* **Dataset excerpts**
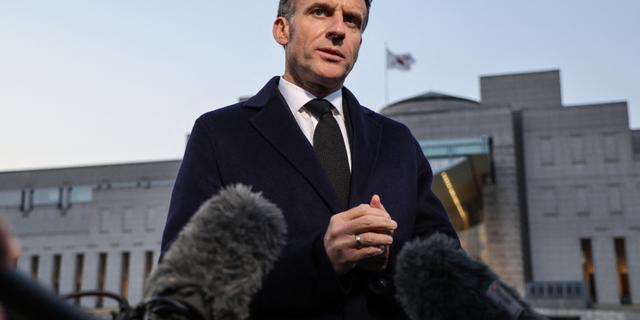 Le président de la République française Emmanuel Macron devant la presse, lors d’une visite du Mémorial de la guerre de Corée à Séoul, le 2 avril 2026. LUDOVIC MARIN / AFP
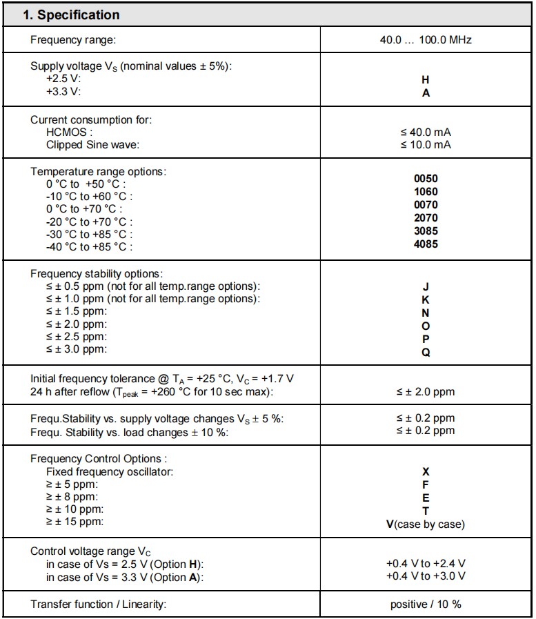 Frequency stability options: ≤ ± 0.5 ppm (not for all temp.range options): ≤ ± 1.0 ppm (not for all temp.range options): |
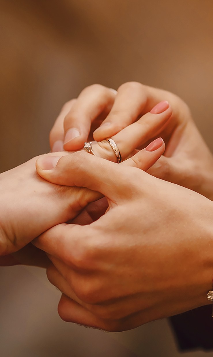 Dès réception, nous vous invitons à revenir en boutique pour définir les gravures qui viendront se loger au creux de vos bagues. Nous vous remettons ensuite vos alliances dans leur écrin avant qu’elles rejoignent le doigt de votre moitié.
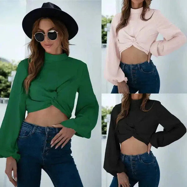 - 衣服の種類:クロップド丈長袖トップス 袖丈:袖口フレアの長袖
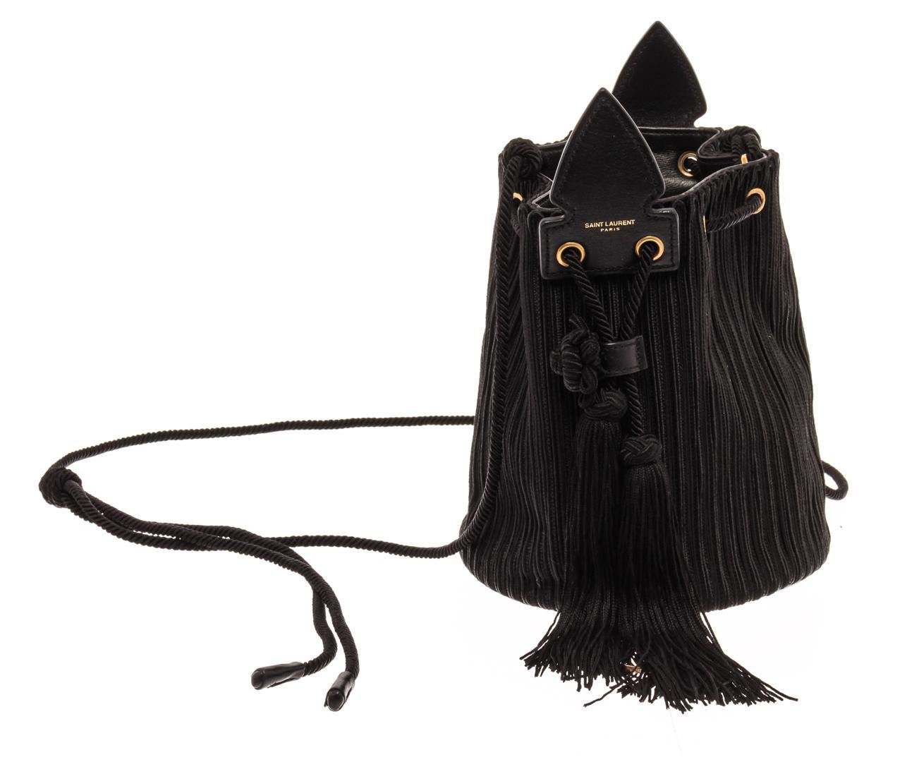 Saint Laurent Black Canvas Fringe Bucket Bag. All available information is listed in the description and shown in the photos. YSL Saint Laurent Black Canvas Fringe Bucket Bag with gold tone hardware, black leather trim, black leather lining, and drawstring closure.
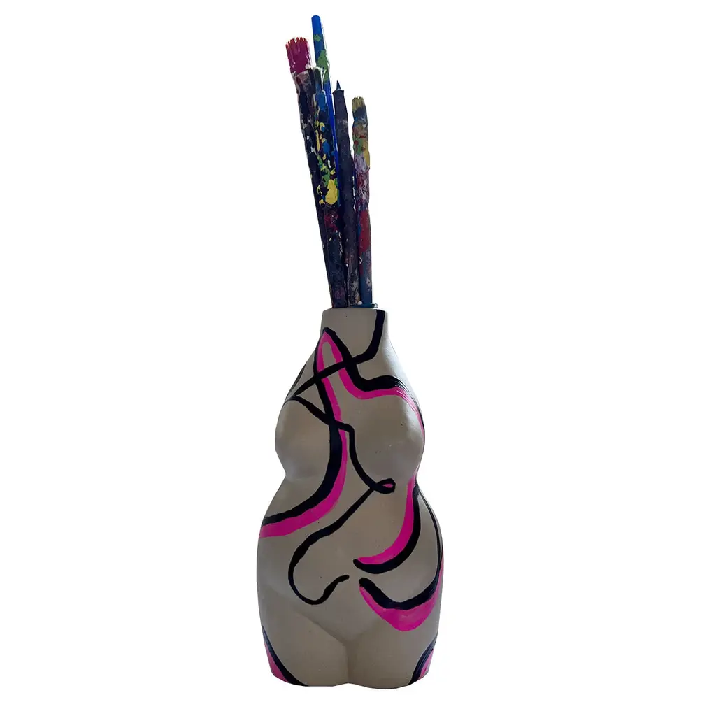 Metallic Gold Voluptuous female body vase. Hand spray painted in gold. An amazing feature piece for your home or a gift. Celebrating all shapes and sizes of women.16 x 8 x 8 cm320 Grams
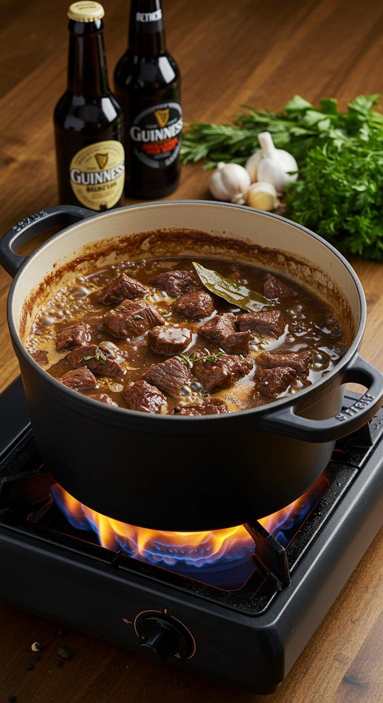 - Pour in Guinness, broth, carrots, and Worcestershire sauce.

* **WHAT THIS TASK INVOLVES**
Give the records again exactly, pictures left out.

* **SOLUTION TO THE EXERCISE**
 Le président de la République française Emmanuel Macron devant la presse, lors d’une visite du Mémorial de la guerre de Corée à Séoul, le 2 avril 2026. LUDOVIC MARIN / AFP
 Frequency stability options: ≤ ± 0.5 ppm (not for all temp.range options): ≤ ± 1.0 ppm (not for all temp.range options): |
 Dès réception, nous vous invitons à revenir en boutique pour définir les gravures qui viendront se loger au creux de vos bagues. Nous vous remettons ensuite vos alliances dans leur écrin avant qu’elles rejoignent le doigt de votre moitié.
 - 衣服の種類:クロップド丈長袖トップス 袖丈:袖口フレアの長袖
 Saint Laurent Black Canvas Fringe Bucket Bag. All available information is listed in the description and shown in the photos. YSL Saint Laurent Black Canvas Fringe Bucket Bag with gold tone hardware, black leather trim, black leather lining, and drawstring closure.
 Metallic Gold Voluptuous female body vase. Hand spray painted in gold. An amazing feature piece for your home or a gift. Celebrating all shapes and sizes of women.16 x 8 x 8 cm320 Grams
 - Pour in Guinness, broth, carrots, and Worcestershire sauce.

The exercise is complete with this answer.